◆ Exercise data ◆
___

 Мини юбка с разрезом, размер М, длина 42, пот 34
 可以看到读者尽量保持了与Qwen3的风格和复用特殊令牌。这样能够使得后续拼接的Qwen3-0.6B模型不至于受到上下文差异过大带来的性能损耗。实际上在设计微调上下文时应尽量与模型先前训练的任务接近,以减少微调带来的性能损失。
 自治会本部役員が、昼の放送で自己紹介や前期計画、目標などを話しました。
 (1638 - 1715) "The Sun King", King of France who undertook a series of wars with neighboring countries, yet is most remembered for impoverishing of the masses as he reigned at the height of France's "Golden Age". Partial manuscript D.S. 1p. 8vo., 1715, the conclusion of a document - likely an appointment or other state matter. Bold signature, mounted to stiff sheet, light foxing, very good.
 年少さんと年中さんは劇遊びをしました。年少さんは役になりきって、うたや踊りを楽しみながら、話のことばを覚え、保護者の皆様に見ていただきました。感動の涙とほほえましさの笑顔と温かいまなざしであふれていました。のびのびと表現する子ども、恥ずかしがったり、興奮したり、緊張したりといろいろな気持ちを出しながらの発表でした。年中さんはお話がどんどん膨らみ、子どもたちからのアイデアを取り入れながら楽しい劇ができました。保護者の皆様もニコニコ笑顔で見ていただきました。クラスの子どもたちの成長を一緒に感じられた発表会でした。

___

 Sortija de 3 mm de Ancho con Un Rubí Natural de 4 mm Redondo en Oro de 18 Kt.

___

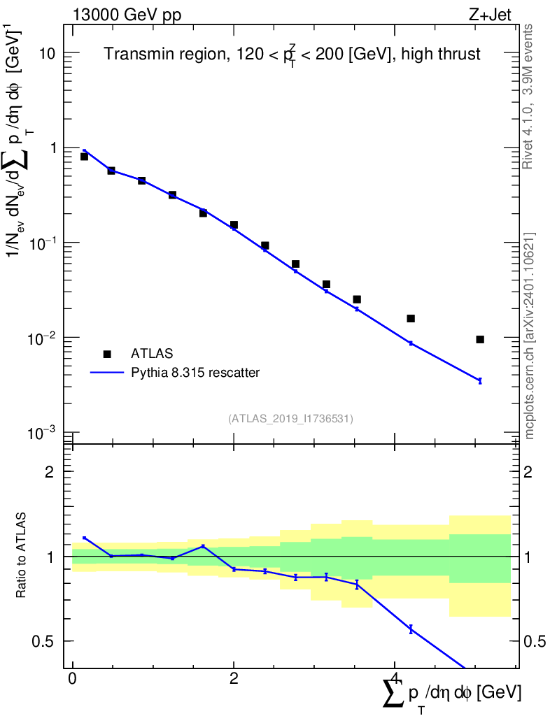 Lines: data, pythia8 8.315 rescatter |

___

◆ What is expected ◆
Only one stretch of the records above is wanted: the lines between the one holding "Мини юбка с" and the one holding "自治会本部役員が、昼の放送で自己紹介や前期計画、目標などを話しました。", inclusive, reproduced exactly.

◆ Answer ◆
 Мини юбка с разрезом, размер М, длина 42, пот 34
 可以看到读者尽量保持了与Qwen3的风格和复用特殊令牌。这样能够使得后续拼接的Qwen3-0.6B模型不至于受到上下文差异过大带来的性能损耗。实际上在设计微调上下文时应尽量与模型先前训练的任务接近,以减少微调带来的性能损失。
 自治会本部役員が、昼の放送で自己紹介や前期計画、目標などを話しました。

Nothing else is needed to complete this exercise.